Abnormal high-$Q$ modes of coupled stadium-shaped microcavities

TL;DR

This paper demonstrates that coupling two chaotic stadium-shaped microcavities can produce abnormal high-Q modes, significantly enhancing the quality factor through specific mode patterns that minimize light leakage.

Contribution

It reveals how coupling and geometry can create high-Q modes in chaotic microcavities, a novel approach to controlling optical confinement.

Findings

Coupled stadium-shaped microcavities support modes with Q factors about 10 times higher than single cavities.

The high-Q modes follow a whispering-gallery-like pattern at the cavity ends.

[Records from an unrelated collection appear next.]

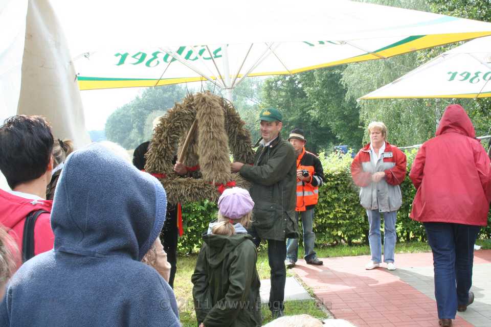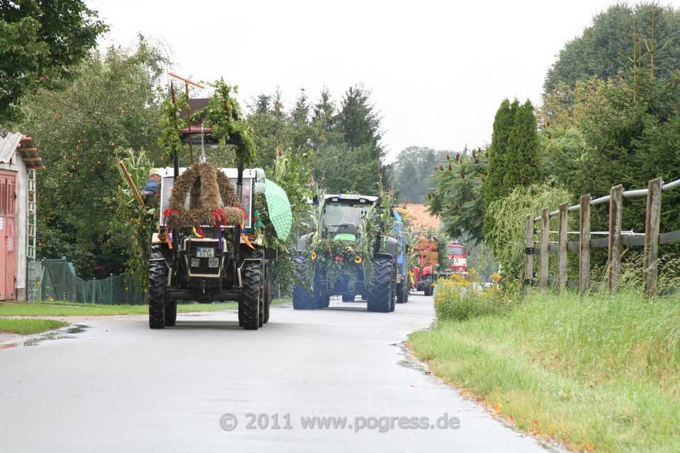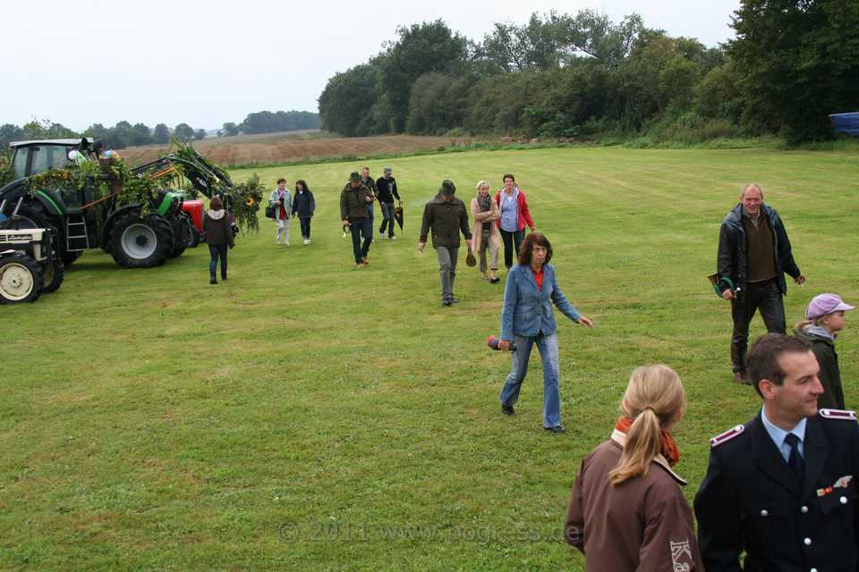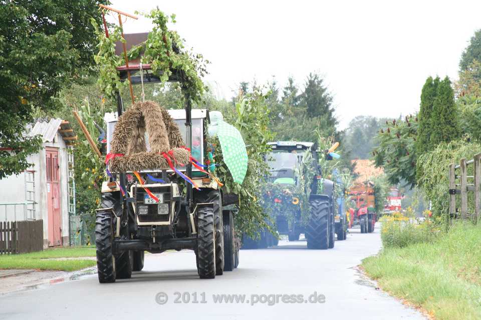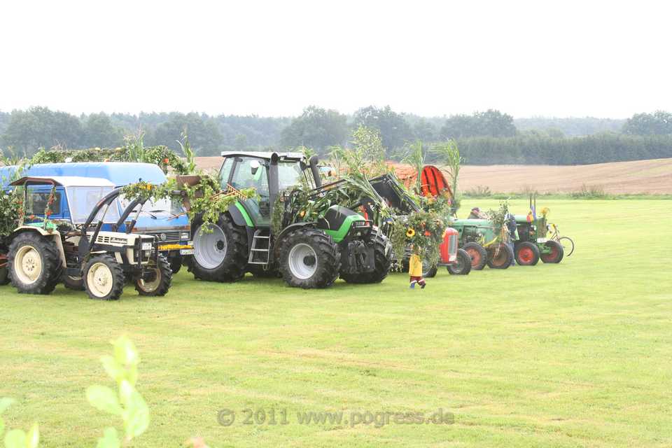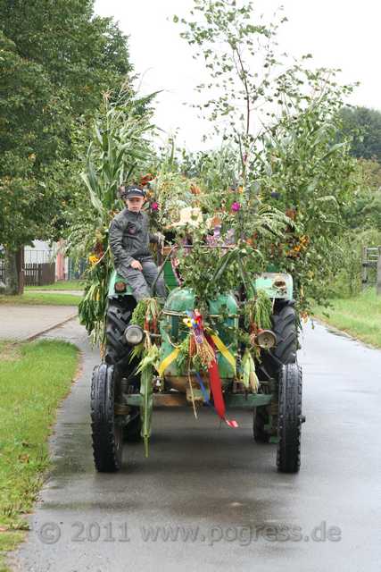 Am Ortsausgang Dümmer Weg, direkt am Wald, setzte sich der Zug angeführt von einem Traktor mit der Erntekrone in Bewegung. Es folgten mehrere schön geschmückte Traktoren, die ebenfalls schön geschmückte Erntewagen zogen. Auf den Erntewagen saßen viele Pogreßer und Gäste, die trotz zeitweise starkem Regen bester Stimmung waren und einen wirklich schönen Umzug erlebten.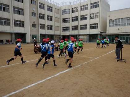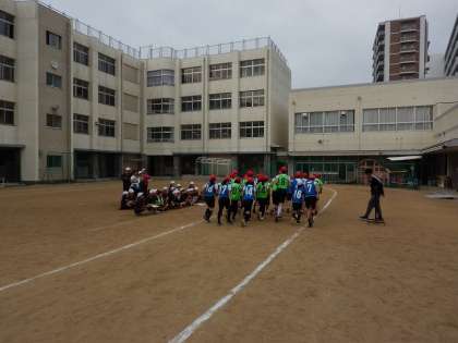 高学年は15周走ります。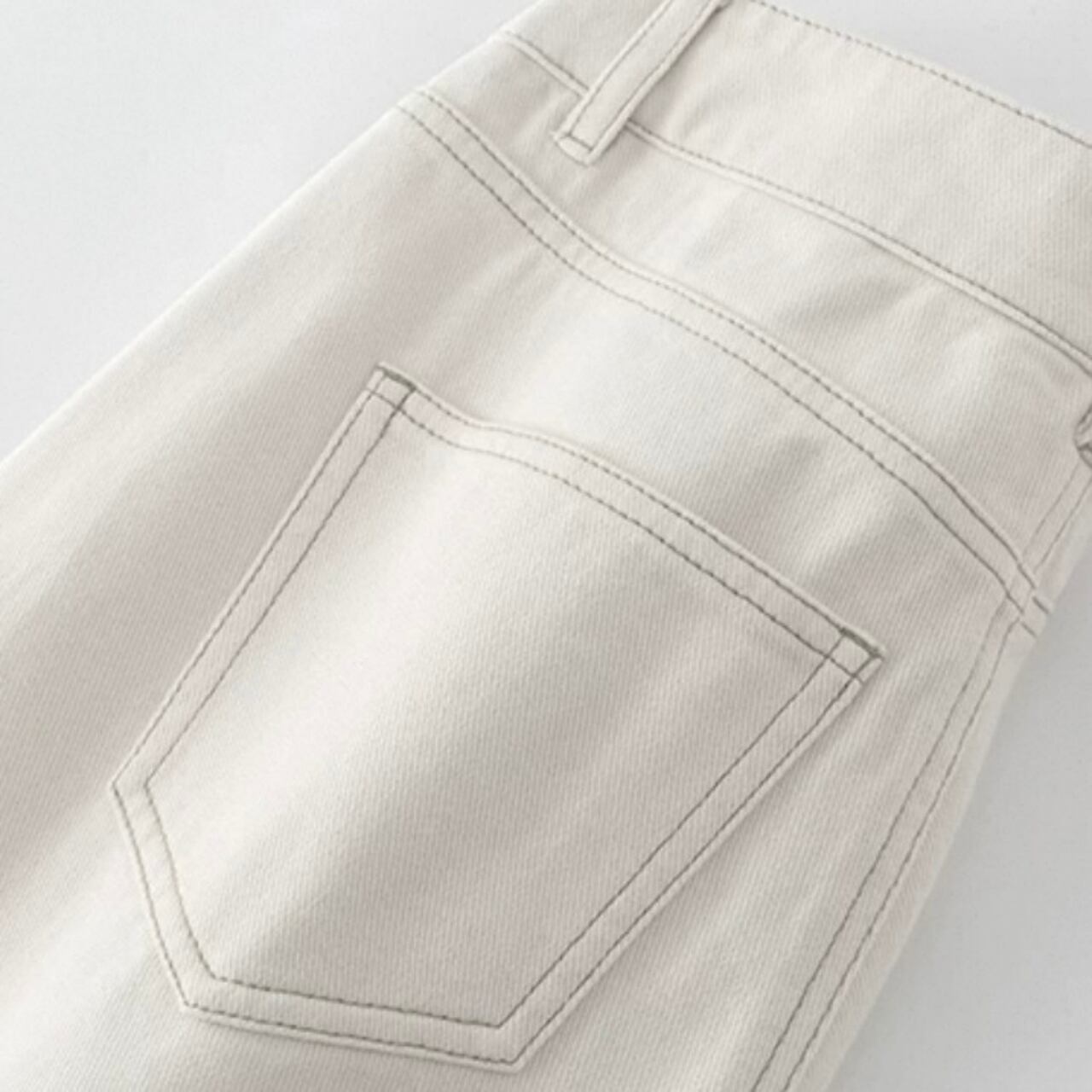 ハイウエストデザインで脚長効果が期待できる少しワイドなデニム。シンプルなデザインなので、様々なトップスとの相性も抜群です。 ■サイズ(cm) 【26】 ウエスト:65.7 ヒップ:91.7 わたり幅:48.5 裾幅:43 総丈:100 【27】 ウエスト:69 ヒップ:95 わたり幅:49.5 裾幅:43.8 総丈:100 【28】 ウエスト:72.3 ヒップ:98.3 わたり幅:50.5 裾幅:44.6 総丈:100.5 【29】 ウエスト:75.6 ヒップ:101.6 わたり幅:51.5 裾幅:45.4 総丈:100.5 【30】 ウエスト:78.9 ヒップ:104.9 わたり幅:52.5 裾幅:46.2 総丈:101 【31】 ウエスト:82.2 ヒップ:108.2 わたり幅:53.5 裾幅:47 総丈:101 【32】 ウエスト:85.5 ヒップ:111.5 わたり幅:54.5 裾幅:47.8 総丈:101.5 【33】 ウエスト:88.8 ヒップ:114.8 わたり幅:55.5 裾幅:48.6 総丈:101.5 ※手作業による平置きでの採寸の為、多少の誤差が出る場合がございます。 ■カラー ホワイト ヴィンテージブルー インディゴブルー ブラック ■素材 コットン ※お洗濯は基本手洗いかドライクリーニングをお勧めします。 ◼️ お届けについて Myuselaでは、ご注文をいただいてから一点ずつ海外より大切にお取り寄せしております。 お届け期間: 通常「10日〜3週間前後」 ※商品状況により、3週間以上お時間をいただく場合もございます。 お手元に届くまで少々お時間をいただきますが、一つひとつ検品・準備をしてお届けいたします。 ◼️ ご購入時の注意事項 海外セレクトアイテムを安心してお楽しみいただくため、以下の点をご了承ください。 在庫について: タイミングにより在庫切れとなった場合は、やむを得ずキャンセル(返金)とさせていただくことがございます。 品質基準: こちらは輸入品のため、日本製とは検品基準が異なります。着用に支障のない範囲での「わずかな汚れやキズ、縫製の甘さ」は、海外製品の特性として販売しております。 色味の差異: 商品のカラーは、お使いのスマートフォンの画面環境により、実物と見え方が異なる場合がございます。 返品・交換: イメージ違いやサイズ間違い等、お客様都合によるキャンセル・返品は承っておりません。サイズ・カラーなどご確認の上、ご注文くださいませ。 ———————————— ご購入前にこちらをお読みください → https://shop.myusela.com/about ————————————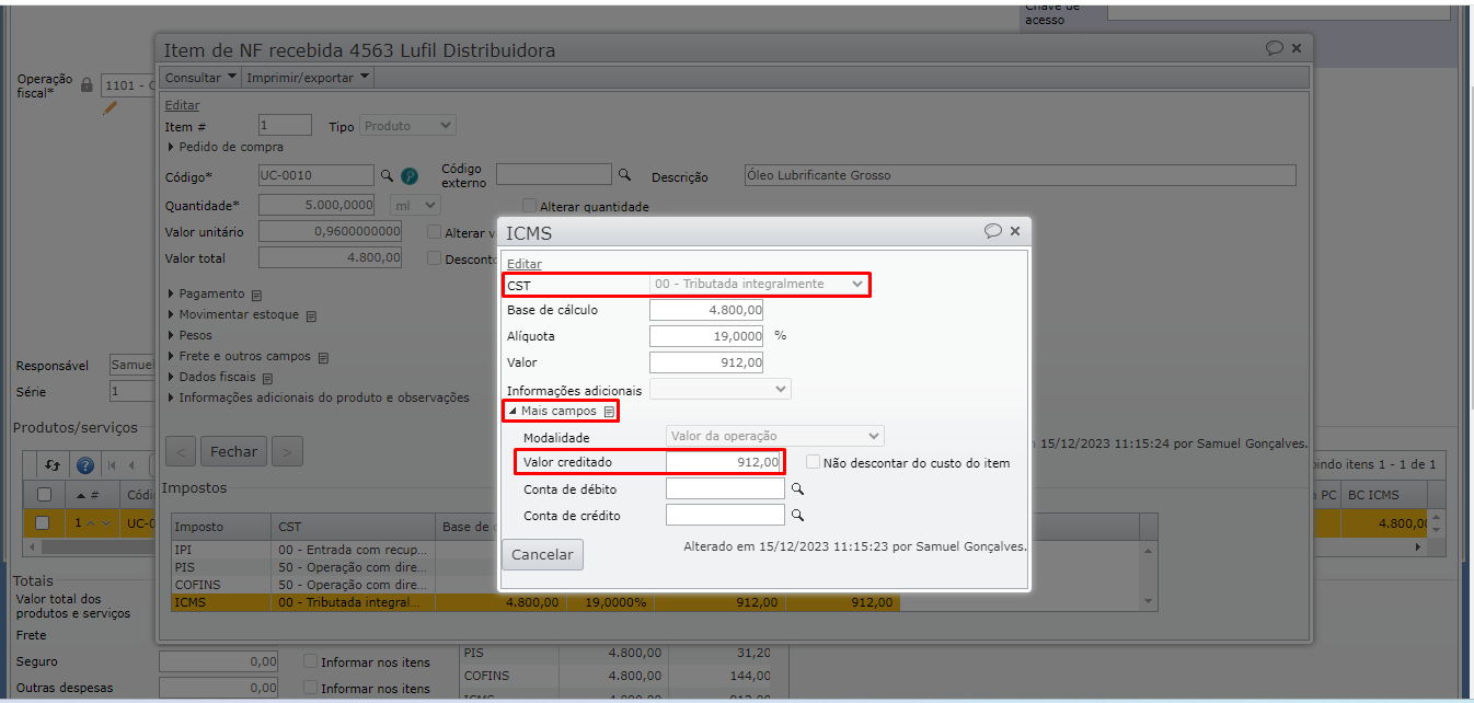 3) Verifique o CST, a base de cálculo, alíquota e valor. A seção “Mais campos” mostra o valor debitado ou creditado do imposto.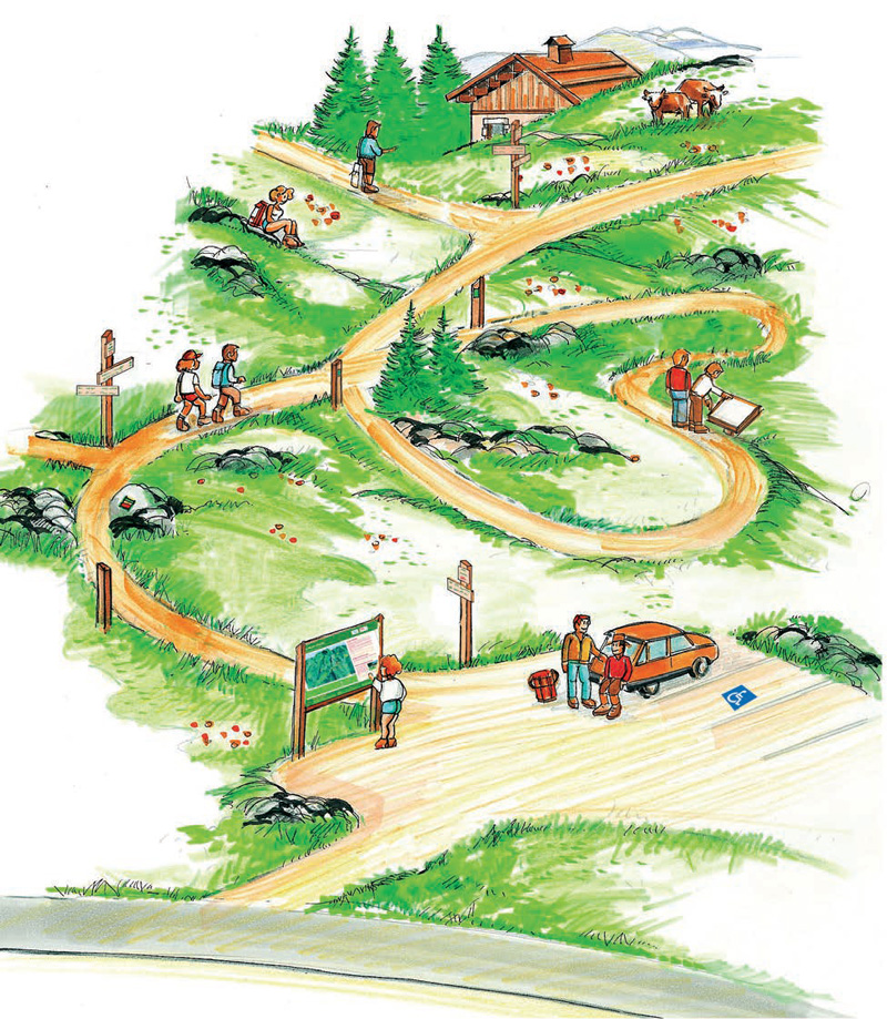 Au départ des grands itinéraires, vous trouverez des panneaux d’accueil donnant une vue d’ensemble du parcours.
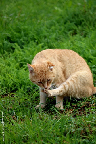 Ginger cat in the grass – playful and expressive moments-A ginger cat lying and playing in the grass, showing different moods and expressions. The cat is grooming, scratching, sticking out its tongue.

Mode patterns minimize light leakage, enhancing cavity performance.

Abstract

It is well known that the strongly deformed microcavity with fully chaotic ray dynamics cannot support high-Q modes due to its fast chaotic diffusion to the critical line of refractive emission. Here, we investigate how the Q factor is modified when two chaotic cavities are coupled, and show that some modes, whose Q factor is about 10 times higher than that of the corresponding single cavity, can exist. These abnormal high-Q modes are the result of an optimal combination of coupling and cavity geometry. As an example, in the coupled stadium-shaped microcavities, the mode pattern extends over both cavities such that it follows a whispering-gallery-type mode at both ends, whereas a big coupling spot forms at the closest contact of the two microcavities. The pattern of such a 'rounded bow tie' mode allows the mode to have a high-Q factor. This mode pattern minimizes the leakage of light at both ends of the microcavities as the pattern at both ends is similar to whispering gallery mode.